Je lui avait donné des lettres, et pas n'importe lesquelles, des lettres qui semblaient ne pas manquer de noblesse, et qu'elle acceptait, incrédule. Comme le sont les yeux d'un expert-comptable lisant un poème d'Alain Borne. Elle les recevait, me faisait part du fait qu'elle y répondrait sous peu et n'y répondait jamais mais recevait les suivantes et s'empressait de m'appeler pour me faire part du fait qu'elle ne tarderait pas à y répondre, mais n'y répondait jamais. Écrire à une archiviste, me direz-vous c'est un peu comme s'adresser à un rayonnage de bibliothèque. Quand ça ne s'achève pas sous la poussière de la vanité humaine, ça se finit à la corbeille, d'un clic gauche.

Lui avais-je dit que je  tenais pas à ce qu'elle quitte son "marri" pour se joindre à ma marche ? Je ne me souviens plus. Ce dont je me rappelle c'est que mes mots et mes gestes avaient poussé son orgueil au delà des limites du raisonnable. Je l'avais rendu coquette comme une poule élevée en plein air. Ce qu'elle n'était pas puisqu'elle s'était élevée dans le réduit des années 80, ces années où la défonce et la fête avaient fait prendre pour géniales toutes les épaves hépatiques et narcissiques. Je l'avais rendue hautaine, ce qu'il ne faut jamais faire si l'on veut, sinon être aimé, on ne l'est jamais rassurons nous, du moins avoir la paix, la paix du coeur sans laquelle on est plus rien.
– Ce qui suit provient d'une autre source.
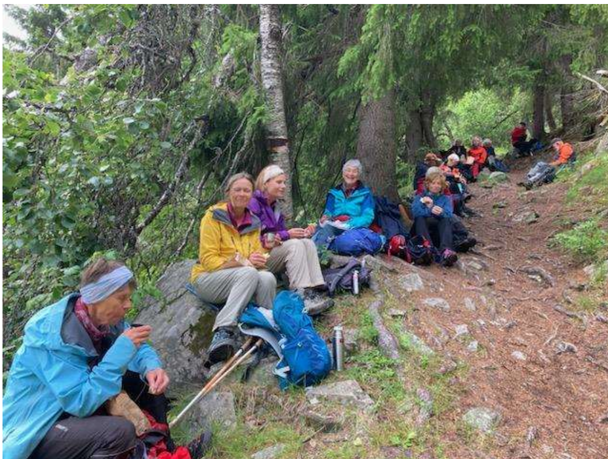
Matpause på Sabotørstien.
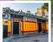
วัดเป่ากง มาเก๊า

PERIOD : 1 14 - 20 พ.ค. 68 PERIOD : 2 21 - 27 พ.ค. 68 PERIOD : 3 28 พ.ค. - 3 มิ.ย. 68
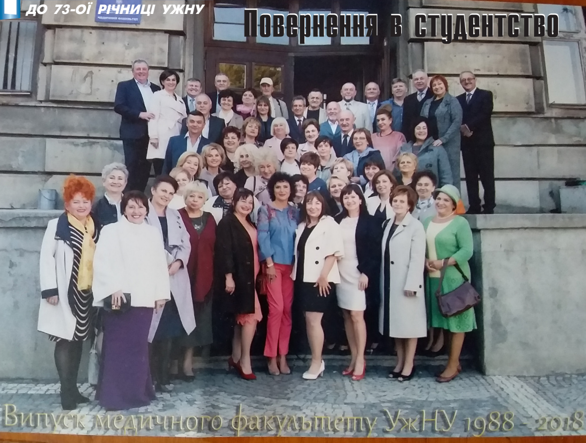
Випуск медичного факультету УжНУ 1988-2018

На медичному факультеті традиційними є зібрання випускників. Ось і цього разу з'їхалися ті, хто три десятиліття тому закінчив альма-матер.
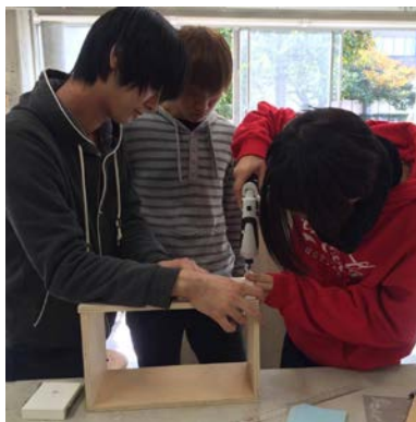
藉由製作書架發現操作過程中的不便
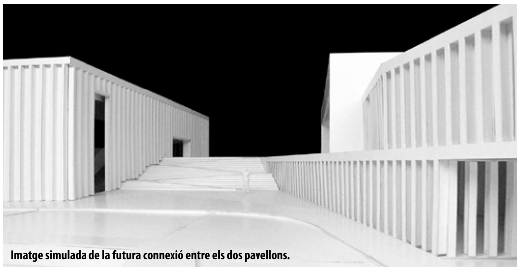
Imatge simulada de la futura connexió entre els dos pavellons.

El nou pavelló ha estat una reivindicació ciutadana des de fa temps i que hauria de suplir les mancances en equipaments esportius que pateix el
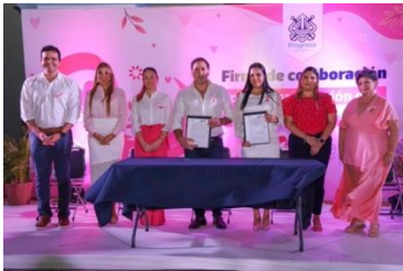
Firma de convenio e iluminación del Palacio Municipal de Progreso.
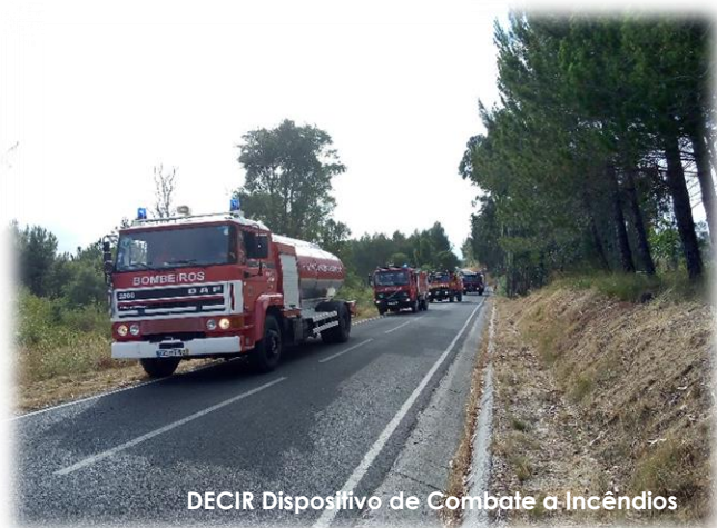
DECIR Dispositivo de Combate a Incêndios
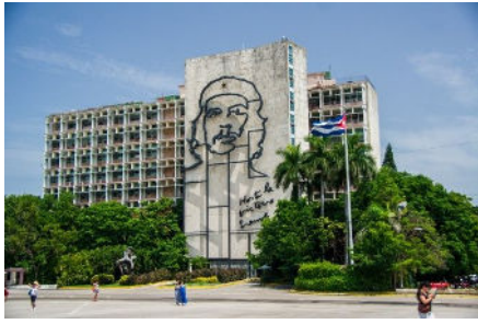
何塞·馬蒂紀念碑 (José Martí Memorial)

高 109 米的五角星形高塔和何塞·馬蒂雕像，紀念這位一代偉人為古巴獨立而付出畢生心力，最後更獻出自己的生命。
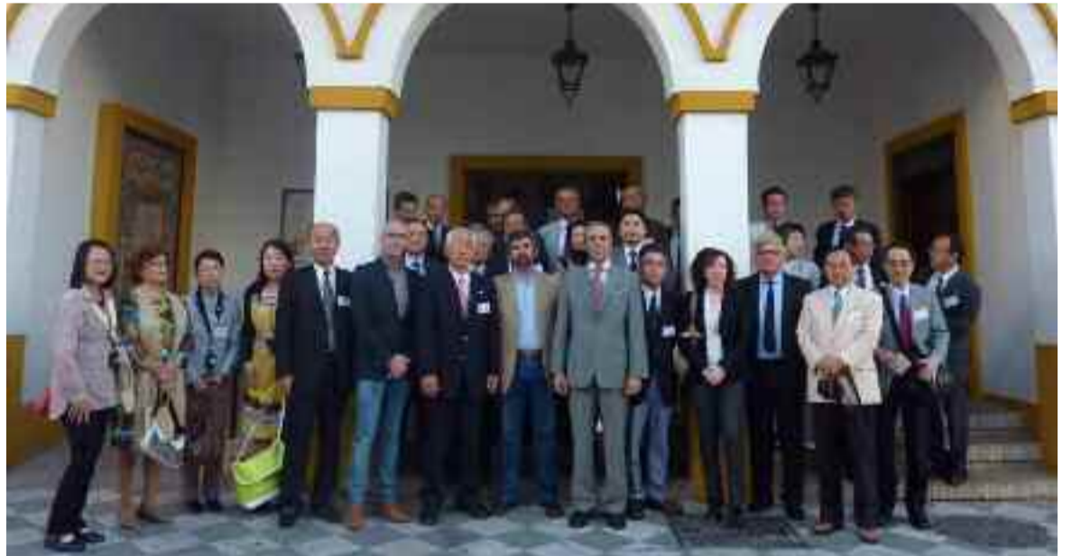
Representantes del Gobierno local y empresarios corianos junto a emisarios nipones, a las puertas del Ayuntamiento.

· El evento #HootupCoria sirvió además, a través de un curso gratuito, para que pymes y profesionales gestionen de un modo más eficiente las redes sociales.

Plus rien, ce que j'étais devenu, pour la seconde fois de mon existence fantomatique. Ectoplasme amoureux, franchement ça manque d'épaisseur.

Puis un jour, je l'ai retrouvé le petit bout de papier, entre les pages d'un livre qu'elle m'avait offert. Les femmes quand ça apprend que vous lisez, naturellement ça vous offre un livre, ça vous dit même que ça l'a lu. Et quand vous leur demandez de quoi au juste ça parle, elles vous répondent en général qu'elles ne se souviennent plus et se planquent vite fait à l'abri d'un de ces sourires idiots dont vous auriez bien tort de croire qu'il vous est destiné. Ces sourire là sont de manufacture maternelle. Elles se les repassent de génération en génération. Le livre je l'ai encore, c'était un mode d'emploi pour ce que devait devenir l'histoire si elle ne s'était pas transformée par la magie du deuil en une anecdote de plus. Une anecdote amoureuse. Le titre du livre ? Tours et détours de la pauvre fille, je crois. Quelque chose de cet ordre là en tous cas.

Je l'ai ouvert le petit papier et des plis cassant sont tombées quelques cendres échappées d'une urne. Cette urne qu'elle doit encore trimballer comme la coupe que l'on décerne en général au vainqueur de l'étape. Tiens mais c'est la veuve ! Et sans attendre que le petit bonhomme passe au vert des cadavres, on change de trottoir. RIP ... tes galoches!